How We Chose the 2023 Women of the Year

4 minute read
Naina Bajekal is executive editor and international editor at TIME, where she oversees World and Technology coverage. She is the editor of the TIME100 AI and the co-editor of TIME's Women of the Year list.
Lucy Feldman is a senior editor at TIME, where she oversees coverage of books and authors. She is co-editor of TIME's Women of the Year franchise and a member of the TIME100 editorial team.

A defining project at TIME is the study of influence—who has it, what form it takes, and what it means to wield it. Our annual Women of the Year list, published on March 2, examines the most uplifting form of influence by spotlighting leaders who are using their voices to fight for a more equal world.

The 12 women featured on this year’s list come from across the globe and have made significant impact in their respective communities and fields, from activism and government to sports and the arts. Many of them have faced immense challenges that inspired them to push for change. Anielle Franco turned to politics after her sister Marielle, a city councilor in Rio de Janeiro who campaigned against police violence and corruption, was assassinated in 2018. Now, as Minister for Racial Equality in Brazil’s new government, she is channeling her grief into action. “I lost my fear when they killed my sister,” Franco says. “Now I fight for something much bigger than myself.”

Leaders around the world are doing the same. In Iran, women have been protesting for months against the mandatory hijab—and much more—in a profound threat to the regime led by Ayatollah Khamenei. “Women of Iran are his biggest enemy,” says Masih Alinejad, a journalist who has lived in exile in the U.S. since 2009. After exposing corruption in her home country, she has been the target of at least two regime-backed kidnapping and assassination plots. Still, she refuses to stay silent.

In Ukraine, where Olena Shevchenko has spent years advocating for women’s and LGBTQI rights, Russia’s war has made marginalized groups even more vulnerable and Shevchenko’s work all the more urgent.
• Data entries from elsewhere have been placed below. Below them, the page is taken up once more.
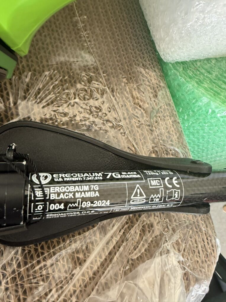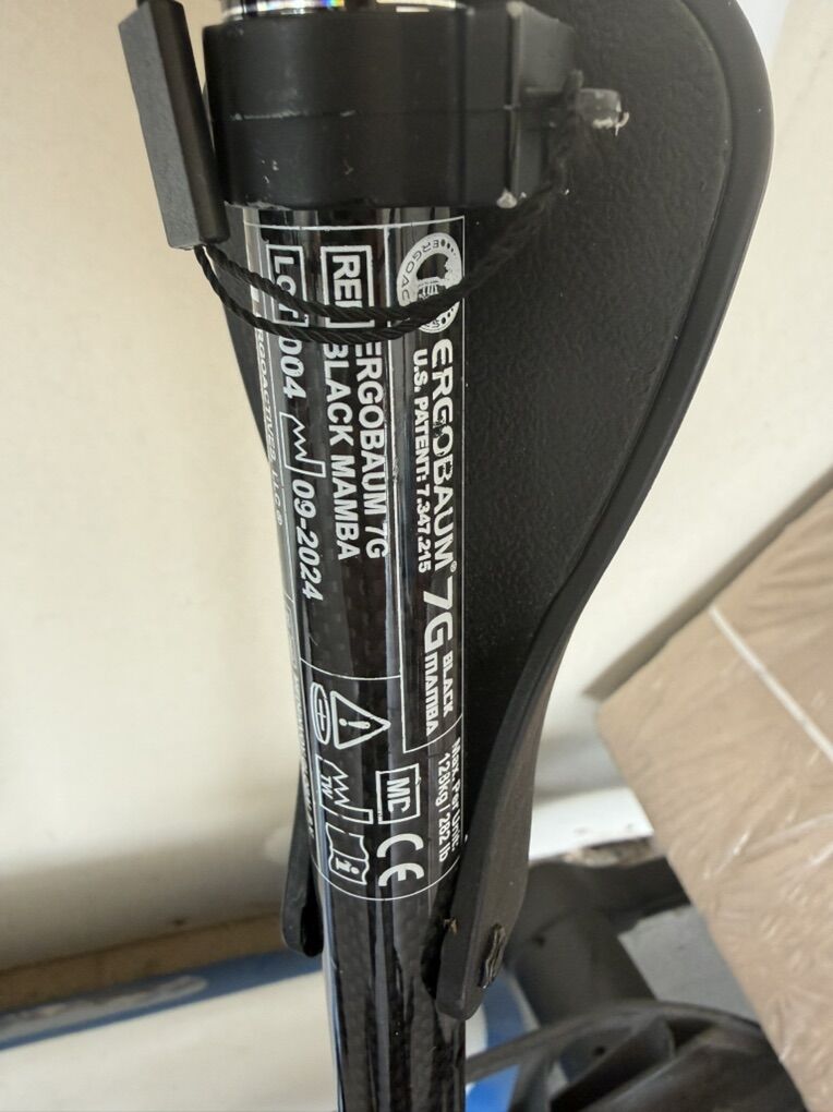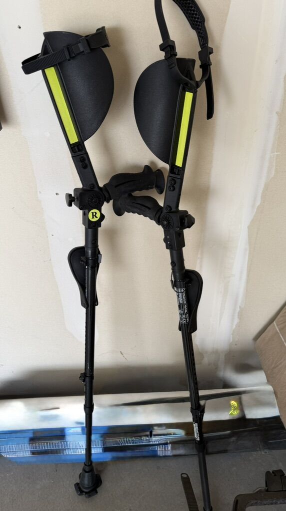Venmoa pair of Ergoactives Ergobaum 7G ergonomic forearm crutches. Designed by an orthopedic surgeon to provide comfort and shock absorption. Feature fully adjustable height, forearm length, and an ergonomic grip. Include a built-in LED flashlight and a safety alert horn for enhanced visibility and safety. The design incorporates an integrated padded knee rest to relieve pressure during extended use. Suitable for adults between 5' and 6'6 and support up to 350 lbs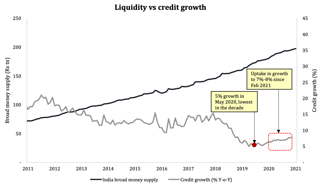 Liquidity vs. credit growth: Quantitative easing has led to a flux of liquidity into the economy, increasing consumption and investment. Since March 2020, the RBI has injected ~$59 billion of liquidity while maintaining the lowest interest rates in a decade (currently at 4.0%, down from 5.3% pre-pandemic).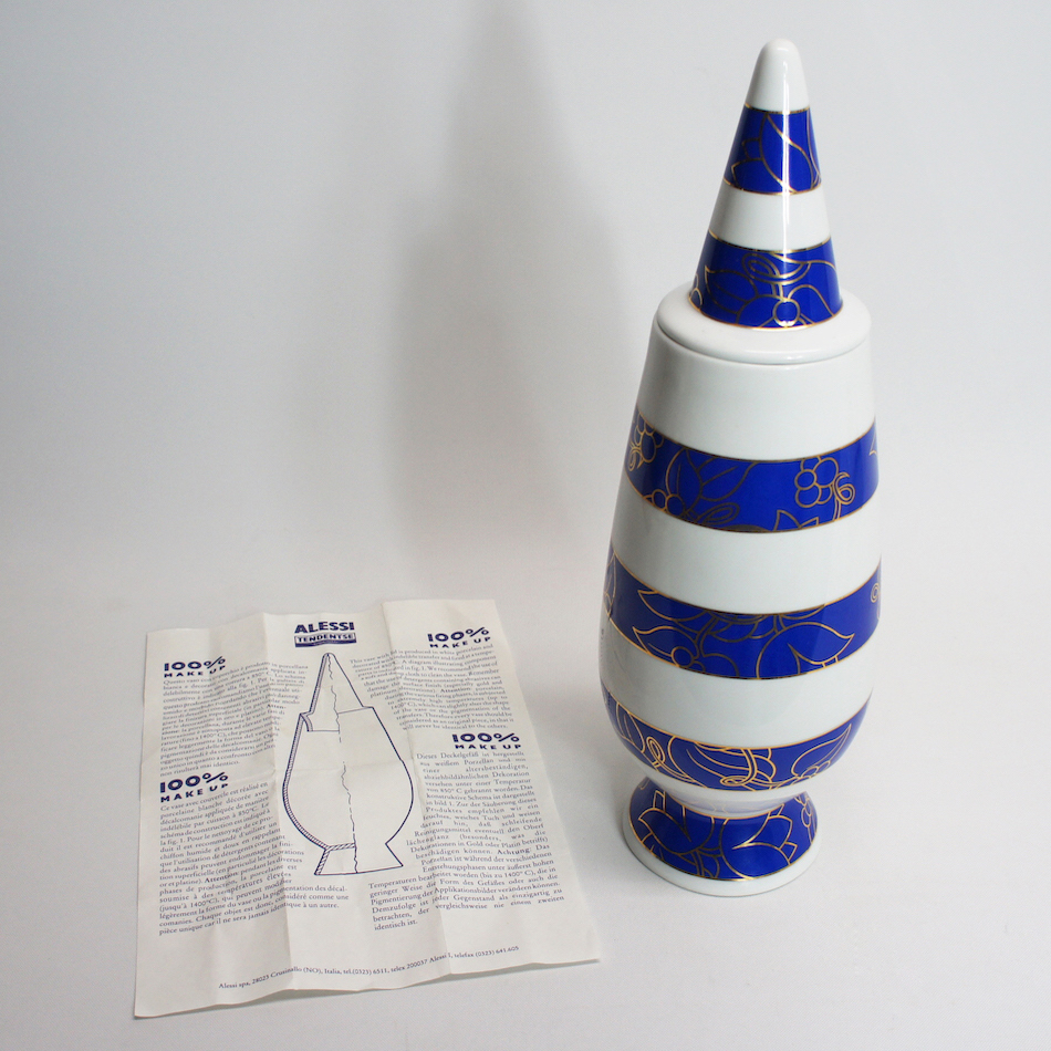1992年より始まった、ALESSIの”Tendentse”ブランド”100% Make Up”シリーズ。”Alessandro Mendini / アレッサンドロ・メンディーニ”がフォルムデザインした花瓶に、世界各国の様々なクリエーター100人が絵付けデザインを施し、各限定100ピースのみ製造した異色のシリーズ。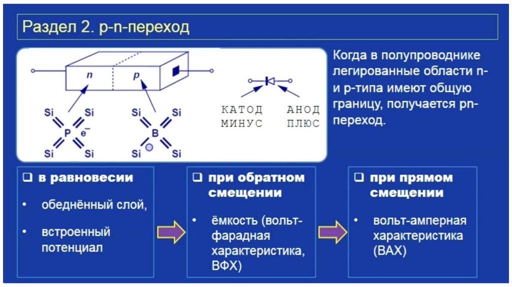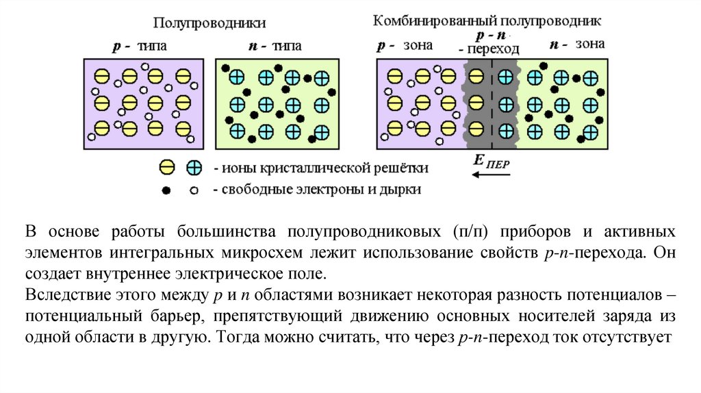 В основе работы большинства полупроводниковых (п/п) приборов и активныхэлементов интегральных микросхем лежит использование свойств p-n-перехода. Он

In Pakistan, Ayisha Siddiqa, who appears on one of our covers, saw the devastating effects of climate change on her community and was inspired to speak up, delivering a powerful speech at November’s U.N. Climate Conference in Egypt on the urgency of climate justice. In Mexico, the feminist activist Véronica Cruz Sánchez has long helped women safely navigate abortion restrictions and is now turning her attention north, supporting American women affected by the overturning of Roe v. Wade last summer.

Cruz is not the only leader on this year’s Women of the Year list who is advocating abortion rights: indie-rock musician Phoebe Bridgers, who has long blended her art with activism, came forward last year to share that she’d had an abortion. In an interview, she spoke about the value of transparency, a key aspect of her songwriting. “The more honest I am,” she says, “the world just keeps opening up for me.”

Also making a difference in the arts is actor Cate Blanchett, one of this year’s cover stars and a 2023 Academy Award nominee, who unpacks the ways in which she, as a leader in Hollywood, is fighting for change. Blanchett’s prowess in front of the camera is itself a testament to the multitudes that women contain. As Lydia Tár, the eponymous protagonist of one of the year’s most celebrated films, Blanchett is both spectacular and reprehensible. “We are brave, we are noble, we are generous, we are collaborative,” Blanchett says. “But we are also the dark side of that, because women are complex beings.”

Blanchett, Bridgers, Siddiqa, and many more will join us on March 8, International Women’s Day, for our annual Women of the Year gala in Los Angeles. We’re thrilled to be able to convene such inspiring leaders, to celebrate their visions for a better future, and to highlight the remarkable influence that these women have on the world.